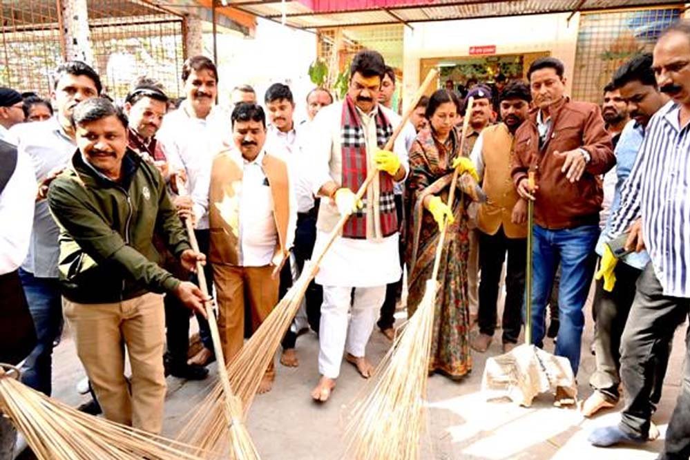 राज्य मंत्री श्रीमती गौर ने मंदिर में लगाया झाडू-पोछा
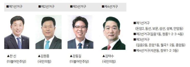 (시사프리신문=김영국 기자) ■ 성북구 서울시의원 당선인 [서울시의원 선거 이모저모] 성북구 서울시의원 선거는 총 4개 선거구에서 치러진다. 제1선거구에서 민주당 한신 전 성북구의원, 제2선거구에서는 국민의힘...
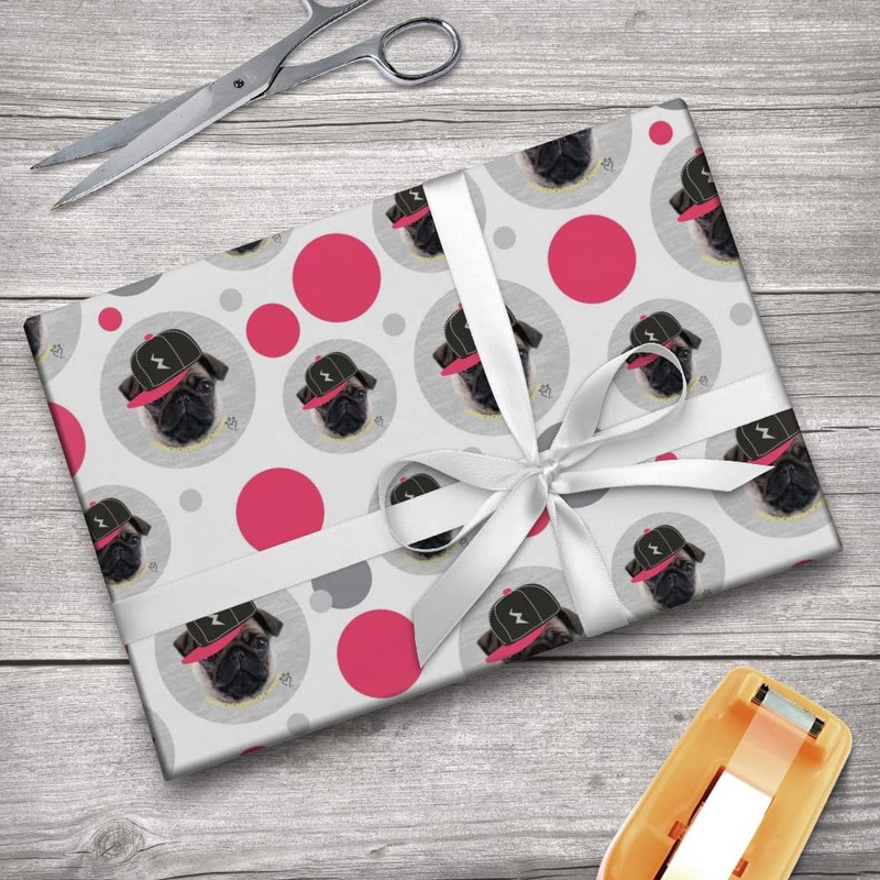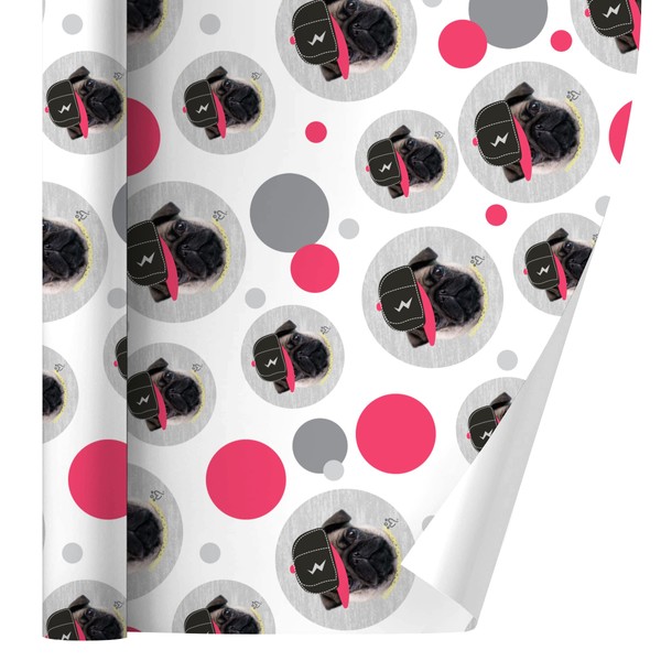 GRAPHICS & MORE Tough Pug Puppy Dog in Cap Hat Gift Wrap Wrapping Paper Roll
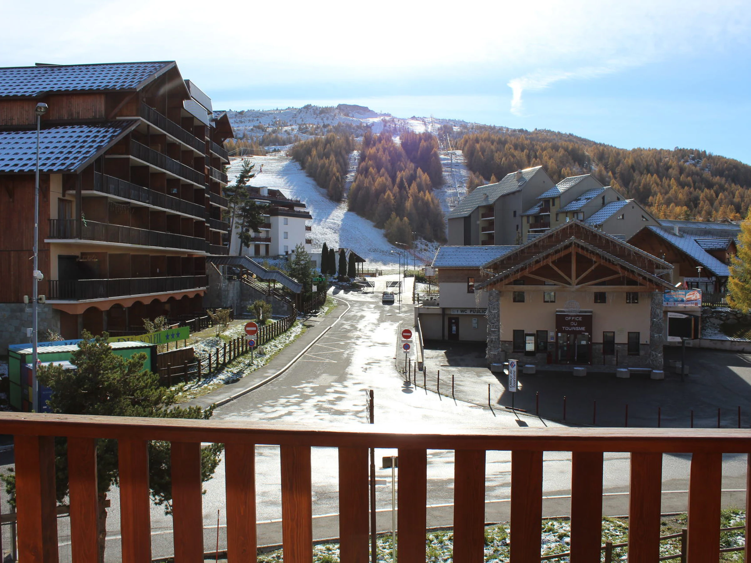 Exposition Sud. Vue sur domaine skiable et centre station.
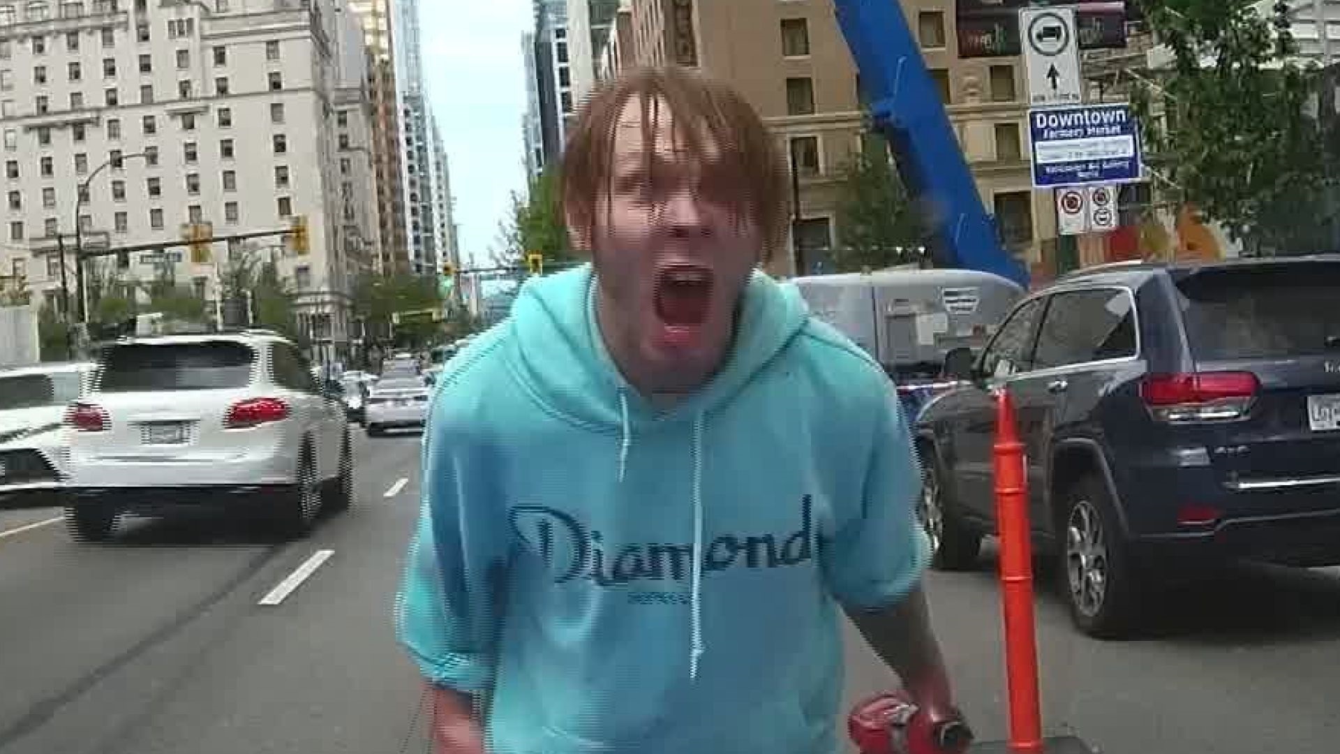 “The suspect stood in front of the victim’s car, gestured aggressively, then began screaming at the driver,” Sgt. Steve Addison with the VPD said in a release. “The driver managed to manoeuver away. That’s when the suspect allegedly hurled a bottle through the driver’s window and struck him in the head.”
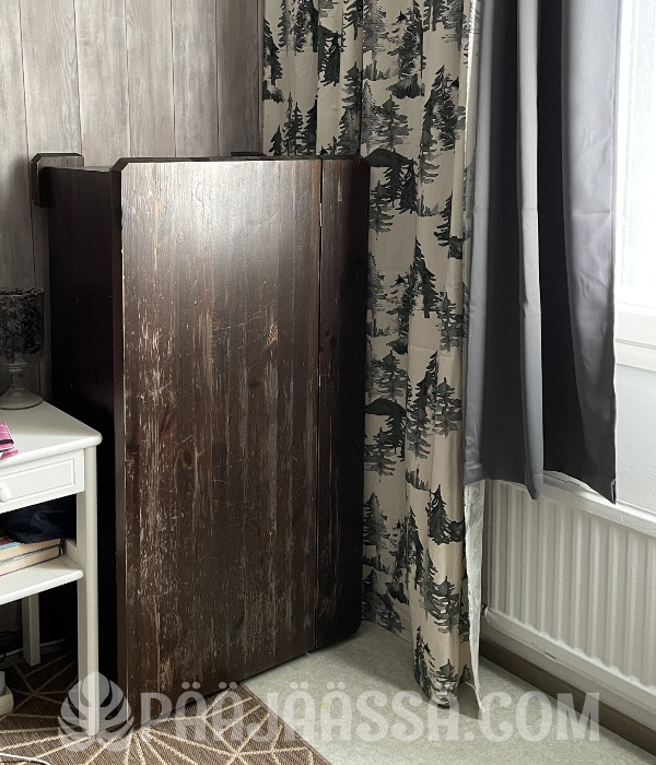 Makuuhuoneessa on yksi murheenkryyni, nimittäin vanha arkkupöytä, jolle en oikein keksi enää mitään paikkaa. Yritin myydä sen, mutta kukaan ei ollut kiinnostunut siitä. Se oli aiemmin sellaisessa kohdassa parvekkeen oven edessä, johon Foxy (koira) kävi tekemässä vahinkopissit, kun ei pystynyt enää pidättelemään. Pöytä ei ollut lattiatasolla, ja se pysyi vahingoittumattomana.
· · ·
● **Task description**:
Return the lines above from the one with "GRAPHICS & MORE" through the one with "Exposition Sud. Vue", verbatim and nothing else. Omit every picture.

● **Response for this exercise**:
 GRAPHICS & MORE Tough Pug Puppy Dog in Cap Hat Gift Wrap Wrapping Paper Roll
 Exposition Sud. Vue sur domaine skiable et centre station.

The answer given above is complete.